アリ・アッバシ監督『聖地には蜘蛛が巣を張る』日本版予告編が解禁!

  • Fan's Voice Staff

イランで実際にあった娼婦連続殺人事件から着想を得て鬼才アリ・アッバシ監督が描いたクライムサスペンス『聖地には蜘蛛が巣を張る』の日本版予告編が解禁されました。

「俺の話をメモしろ。街中の娼婦を始末してやる」という新聞社に届いた犯行声明の声と、連続殺人犯“スパイダー・キラー”が次のターゲットを探すために夜の街をバイクで走る後ろ姿から始まる予告編。真相を追う女性ジャーナリストのラヒミ(ザーラ・アミール・エブラヒミ)は、同じ手口で殺害された多くの被害者が出ているにも関わらず犯人が捕まらない状況に、「誰かがかばっている」と疑いを持ち、真相を暴くために周辺取材を進めます。

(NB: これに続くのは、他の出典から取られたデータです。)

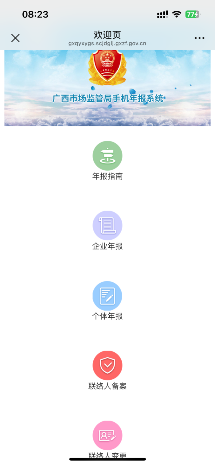 在微信公众号下方“自助办理”中选择“网上年报”,进入年报页面。如下图所示:
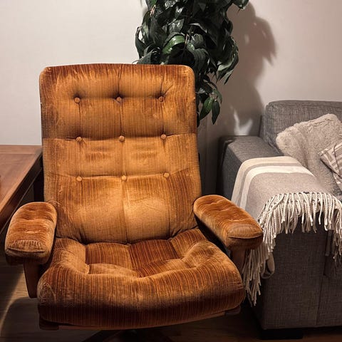 Vintage fotölj som är köpt second hand och delvis renoverad.
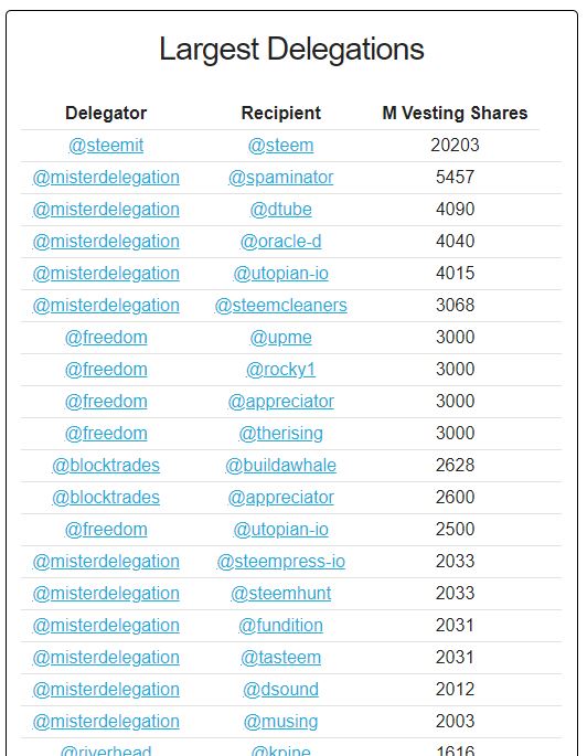 Delegation 탭에 들어가면 누가 누구에게 스팀파워를 임대해주었는지 확인할 수 있습니다. Biggest Delegations Chart를 눌러 들어간 임대상황도 재미있네요. 제가 많이 썼던 보팅봇 upme는 freedom으로부터 보팅파워를 임대받고 있네요.
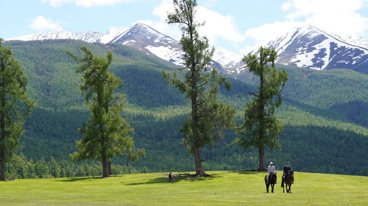 2024年6月6日,在新疆阿勒泰地區(qū)哈巴河縣,游客在騎馬游玩。新華社記者 阿曼 攝
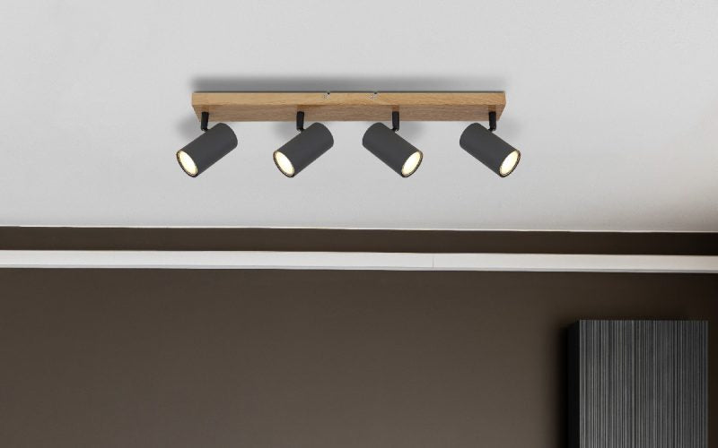 Ovaj jednostavan reflektor serije ROBBY inspiriše svojim dizajnom. Na pravougaonoj plafonskoj osnovi nalik drvetu (56x6cm) postoje četiri grla GU10, od kojih je svako pokriveno cilindričnim abažurom u boji mat grafita. Grlo GU10 vam omogućava slobodan izbor izvora svetlosti, do maksimalne snage od 75 vati.
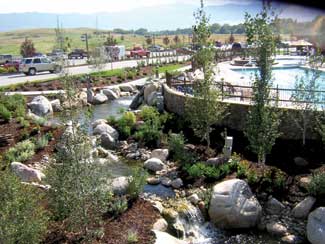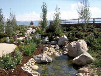 To compliment the water feature, ?EUR??,,????'?????<????????we used a wide palate of perennials native to this part of Wyoming,?EUR??,,????'?????<???????? said Thuesen. A number of woody shrubs can be found throughout while aspens were the primary trees planted. The woody plant materials worked in key locations to add some greenery to the landscape.
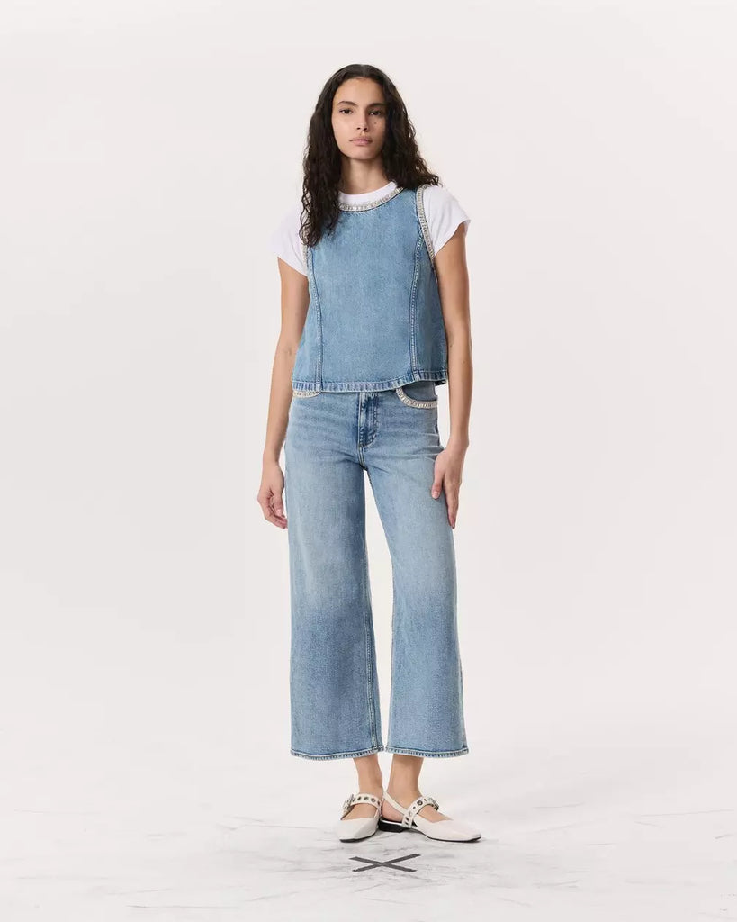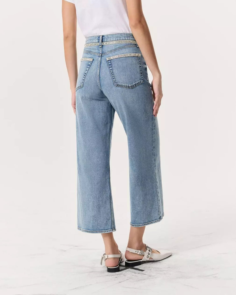 The Andi. High-waist jeans with a wide, cropped leg that hits at the ankle. Crafted from our Vintage Stretch denim for a timeworn look with added comfort. In Pacific Jewel, a light-medium indigo wash embellished with hand-sewn round- and baguette-cut crystals at the pockets and waist.

消極的な捜査の割には高圧的な警察のトップ。ラヒミの「犯人はイスラム法を実行してるとも」という問いに、「聖職者は常に裏で何かを企んでると?」と相手にしない聖職者。街で生活する主婦は「街の腐った女たちよ。殺されて当然」と蔑む一方で、事件が起きても変わらず夜の街に立ち、挑発する娼婦たち。そんな中、犯人は平然と街をバイクで走り、娼婦たちを狙っていきます。

「街を浄化するのだ」と殺人を続ける犯人と、「浄化しろ」と犯人を英雄視していく一部の市民。ラヒミは自ら囮になり犯人を追いつめようとしますが──追いつめられているのは、犯人か、それともラヒミか?

監督・共同脚本を務めたのは、第71回カンヌ国際映画祭「ある視点」部門でグランプリを受賞した『ボーダー 二つの世界』(18年)で脚光を浴びた、イラン出身で北欧を拠点に活動するアリ・アッバシ。2000年〜2001年にイランで16人の犠牲者を出した連続娼婦殺人事件に着想を得たアッバシは、「連続殺人鬼の映画を作りたかったわけではない。私が作ろうと思ったのは、連続殺人鬼も同然の社会についての映画だった」と語り、鋭い洞察力で人間の暗部を大胆に暴き出しました。

第75回カンヌ国際映画祭コンペティション部門でワールドプレミアされ、主人公の女性ジャーナリストを演じたザーラ・アミール・エブラヒミが女優賞を受賞。先日発表されたロバート賞(デンマーク・アカデミー賞)では今年度最多11部門(作品賞、監督賞、脚本賞、主演女優賞、助演男優賞、編集賞、撮影賞、作曲賞、プロダクションデザイン賞、音響デザイン賞、視覚効果賞)に輝きました。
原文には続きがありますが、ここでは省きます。